Tagbeobachtung nennt man in der Astronomie und Geodäsie die Beobachtung von Gestirnen am hellen Tageshimmel. Sie ist bei der Sonnenbeobachtung selbstverständlich und beim Mond nicht ungewöhnlich, doch wird sie auch bei anderen Himmelskörpern angewandt, insbesondere bei den zwei inneren Planeten Venus und Merkur, die immer nahe bei der Sonne stehen. Details auf den sehr hellen Oberflächen dieser Planeten sind am Taghimmel besser zu erkennen als nachts, und sie stehen auch höher am Himmel.
Manche großen Kometen sind ebenfalls am Taghimmel beobachtbar – auf den Bahnstücken nahe der Sonne sogar besser als nachts, wo sie allenfalls nur knapp über dem Horizont stehen. Wenn sie die Helligkeit der Venus erreichen, sind sie zeitweilig sogar mit bloßem Auge zu sichten.
Bisweilen werden auch helle Fixsterne tagsüber gemessen, z. B. der Polarstern für präzise Vermessungen oder helle Doppelsterne, die nachts stark überstrahlt erscheinen. Auch spezielle Satellitenbeobachtungen zählen hierzu.
Tagbeobachtungen haben zahlreiche Nachteile gegenüber solchen am Nachthimmel, doch bringen sie auch einige Vorteile mit sich.
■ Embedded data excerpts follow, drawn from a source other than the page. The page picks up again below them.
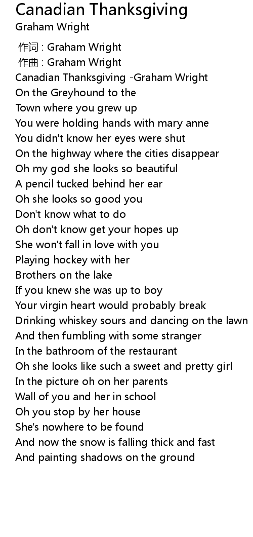 | [00:01.75] | Canadian Thanksgiving Graham Wright |
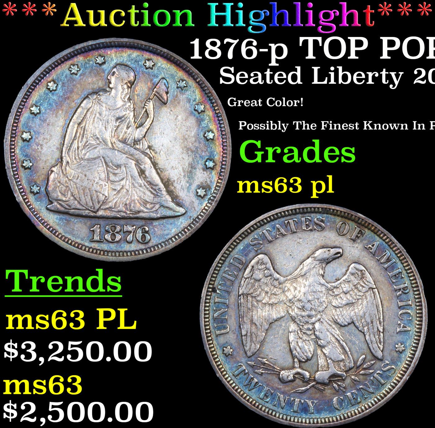 ***Auction Highlight*** 1876-p TOP POP! Twenty Cent Piece 20c Graded ms63 pl By SEGS. A Key Date's Pick, Bid to Win, Don't let it get Away, you might not find its equal Coin
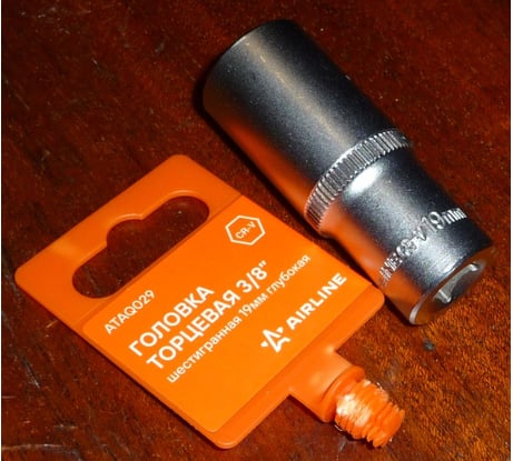Торцевая головка Airline 3/8" шестигранная 19мм глубокая, пласт.подвес ATAQ029
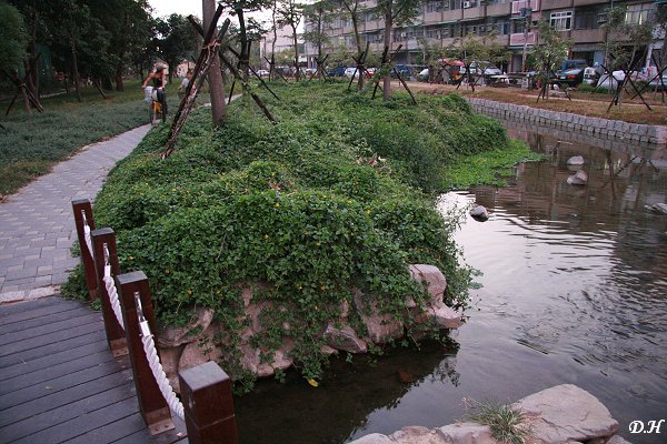 從圖書館前的機車停車棚穿出,繼續沿著公園邊緣的小路北上,出口是老人活動中心,左邊又可以看到曹公圳了,這一條帶狀是曹公圳重點整治區域,整治成果已見到成效,假日都有大人小孩在水圳旁釣魚以及嬉戲,水圳較寬廣處植有浮葉植物如蓮花等。

Je klarer die Luft und je tiefer das Himmelsblau, desto besser sind Kontrast und Beobachtungsbedingungen. Mit zunehmender Meereshöhe wird der Himmel dunkler, wie im Hochgebirge und bei Flugreisen leicht festzustellen ist.
Die Venus, nach der Sonne und dem Mond das hellste Gestirn, kann man am Tag oft schon freiäugig sehen, wenn der Winkelabstand von der Sonne (oder die genäherte Richtung am Himmel) bekannt ist und mehr als 20° beträgt. Die zwischen etwa 1850 und 1960 an großen Teleskopen entstandenen Karten der sonnennahen Planeten Venus und Merkur sind ausschließlich am Taghimmel beobachtet worden.
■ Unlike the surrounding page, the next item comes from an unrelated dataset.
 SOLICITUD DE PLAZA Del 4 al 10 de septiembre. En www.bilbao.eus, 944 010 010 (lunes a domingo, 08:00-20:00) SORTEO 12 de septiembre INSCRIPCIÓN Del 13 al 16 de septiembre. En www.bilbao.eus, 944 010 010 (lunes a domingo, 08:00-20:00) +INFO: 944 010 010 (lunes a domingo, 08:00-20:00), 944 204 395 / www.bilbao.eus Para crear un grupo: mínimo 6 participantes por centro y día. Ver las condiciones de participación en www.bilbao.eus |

Auch andere helle Planeten (Mars, Jupiter, Saturn) sowie Sterne erster Größe sind tagsüber bereits in einem guten Feldstecher zu sehen, Sterne 2. bis 5. Magnitude aber erst in einem Fernrohr von entsprechender Größe (siehe Bild unten, 20-cm-Spiegelteleskop).
Das Fernrohr bzw. Fernglas sollte jedoch eine kleine Austrittspupille haben (maximal 4 mm), weil die Pupille des Auges bei Tageslicht enger als in der Nacht ist. Deshalb sind Taschenferngläser wie Trinovid 8 × 20 oder Optolyth 10 × 25 durchaus geeignet, obwohl sie für Nachtbeobachtungen zu lichtschwach sind.
Die Sonne dient schon seit der Antike für Zeit- und Ortsbestimmungen sowie zur Navigation auf See. Mit einem modernen Theodolit kann man am Tage auch den Polarstern für genaue Richtungsmessungen verwenden, was wie die Sonne zur astronomischen Orientierung von isoliert liegenden Vermessungsnetzen genützt wird, aber auch z. B. zur Ausrichtung von Hochspannungsmasten im Wald oder von Geschützen.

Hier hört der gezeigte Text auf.